Как бы там ни было, сошлись на том, что следы – безделица, и не надо придавать им значения. С этой мыслью, озвученной Гастоном, пожелали друг другу спокойной ночи и разошлись по комнатам.
Анни не спалось. Она прислушивалась к звукам, доносившимся из-за стены. Профессор и Гастон о чем-то переговаривались, но делали это шепотом, и она не разобрала ни слова. Однако она готова была поклясться, что это не просто беседа, а острый, если не сказать, ожесточенный, спор. Через час или полтора он затих, какое-то время в доме властвовало безмолвие, затем до слуха Анни вновь долетел шепот. Говорил профессор, Гастон что-то ему отвечал. Скрипнула дверь, и опять все затихло, лишь слышался вой метелицы, ярившейся за бревенчатыми стенами.
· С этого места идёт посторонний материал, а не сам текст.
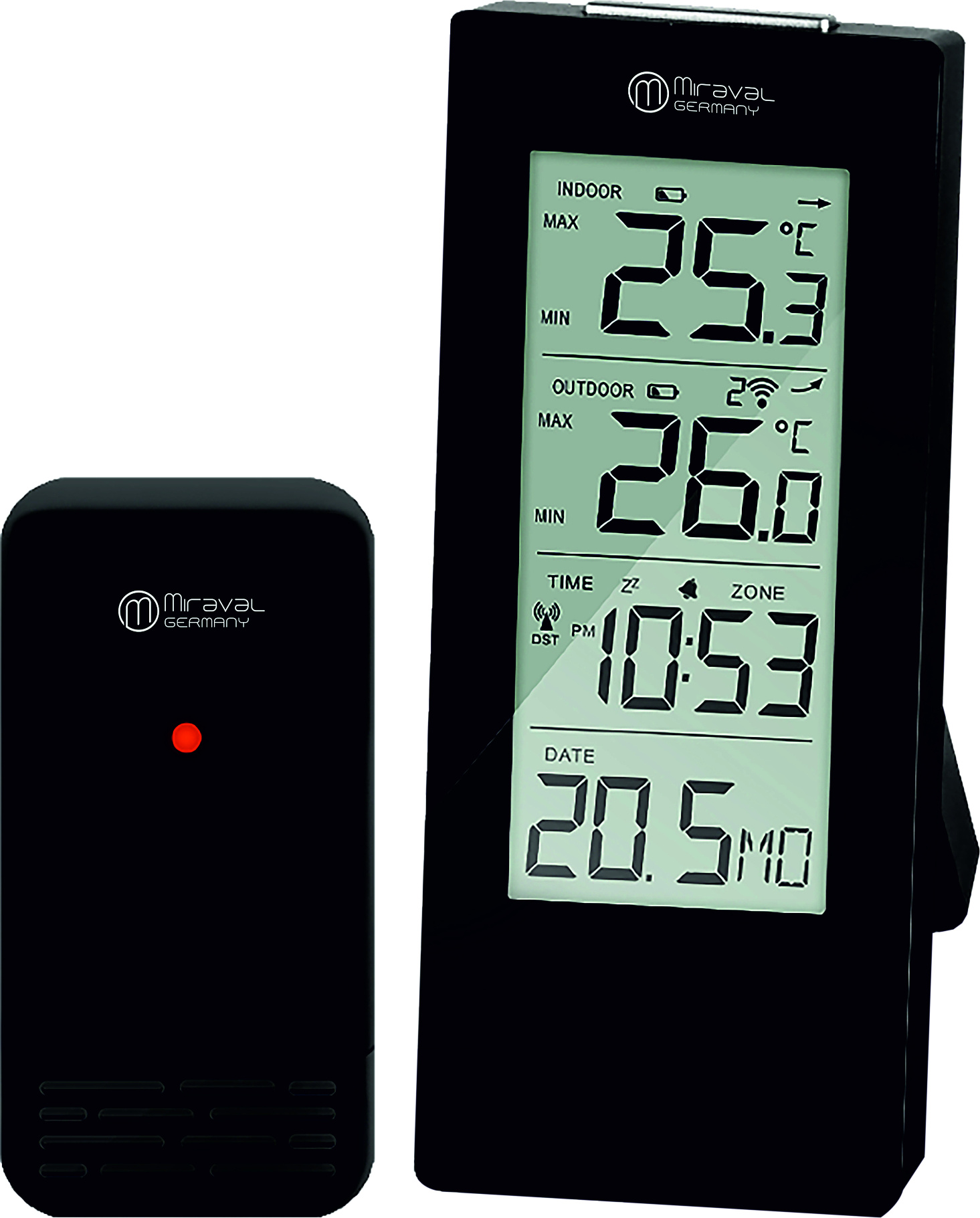 Mit dieser Wetterstation weißt du immer, was draußen los ist - ohne das Haus zu verlassen! Das große LCD-Display zeigt dir alles auf einen Blick: Temperatur von -20 bis +50 Grad, Luftfeuchtigkeit, Wettervorhersage für die nächsten Tage und sogar die Mondphasen! Der Außensensor funkt bis zu 100 Meter weit - also auch wenn der Sensor ganz hinten im Garten steht. Zwei Wecker mit Schlummerfunktion wecken dich sanft, und die Hintergrundbeleuchtung macht das Ablesen nachts einfach. Kann an die Wand oder einfach auf den Tisch. Super praktisch für alle, die genau wissen wollen, ob sie Jacke oder T-Shirt anziehen sollen, oder wann die beste Zeit für Gartenarbeit ist. Einfach aufstellen, Sensor platzieren und schon hast du deine persönliche Wetterzentrale!

А дальше произошло вот что. В дверь комнаты тревожно постучали. Диего, спавший на полу, подскочил и приоткрыл ее. За нею стоял профессор с зажженной свечой в руке. Он в ужасе проговорил:
«Идемте, идемте! Гастон!..»
Накинув шубы, Анни и Диего выскочили вслед за ним во двор. Свечу сию же секунду задуло неистовым ветром, но Анни разглядела недвижимое тело, лежавшее возле крыльца. Профессор, давясь ледяным воздухом, в двух фразах пояснил, что посреди ночи их с Гастоном разбудил какой-то шум – точно снег хрустел под ногами грузного человека. Гастон вызвался посмотреть, что там такое, и, вооружившись старым ружьем, имевшимся у профессора, вышел на улицу. Он отсутствовал минут десять, профессор забеспокоился, выглянул сам и…
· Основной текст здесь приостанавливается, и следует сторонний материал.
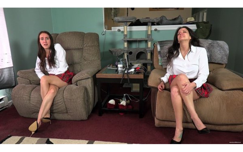 Cadence and Jasmine have just arrived home after a long day at the club, only to find a burglar in their home. He was not expecting them back just yet, and now has to keep them under control while he decides what best to do with them. The problem for the girls is that they are both desperate to pee and were seriously looking forward to a visit to the bathroom. Unfortunately, the burglar won't let them go. They are made to sit down in arm chairs and wait while he decides how to handle the situation. The girls keep stressing that they are bursting to pee and really need to go right away, but still he makes them wait. Worried that they will wet themselves, both Cadence and Jasmine plead with him, offering him more valuables if he will just let them go and pee. The answer is still no. The girls are at their wits end, trying to maintain control while being trapped in this scary situation. When it becomes clear that the girls are about to lose it, the burglar finally relents, but says he will accompany them to the bathroom and watch them pee. At this stage, the girls don't care as long as they get to piss at last. He makes them walk to the bathroom, rather than run, then stands and observes one sit on the toilet and relieve herself while the other stands there squirming in extreme desperation. Finally, he decides to depart and locks them both in the bathroom.

«Передо мной было вот это, – он показал дрожащей рукой на тело у крыльца, – и я позвал вас».
Диего спустился по ступенькам, поднял страшную находку и перенес ее в дом. Здесь профессор зажег еще две свечи, и они ярко осветили бледное лицо Гастона – каменное, застывшее, уже начавшее покрываться изморозью.
«Что с ним? – воскликнул профессор и подкинул дров в печку, где еще искрились не догоревшие с вечера угли. – Он жив?»
«Вряд ли. – Анни превозмогла оробелость и сдернула с Гастона шапку, отчего его голова деревянно стукнулась о половицу. – Видите? У него висок прострелен».
Действительно, в черепе Гастона, рядом с левым ухом, чернело отверстие диаметром с монету. Кровь не вытекала оттуда, но в этом не было ничего необыкновенного, если учесть, что труп еще не отошел от действия арктического мороза.
«Он убит? – Профессор выпучил глаза. – Но как?! Я не слышал, чтобы кто-то стрелял!»
Анни призналась, что и она не слышала ни щелчка, ни треска, хотя завывания метели не могли заглушить выстрел.
Мертвый Гастон сжимал в ладони старенькое ружье. Диего не без труда высвободил приклад из оцепеневших пальцев и определил, что из этого оружия не стреляли, по меньшей мере, месяца два или три. А еще он сказал, что, когда переносил мертвеца в дом, на снегу у стены виднелись свежие следы неведомого титана.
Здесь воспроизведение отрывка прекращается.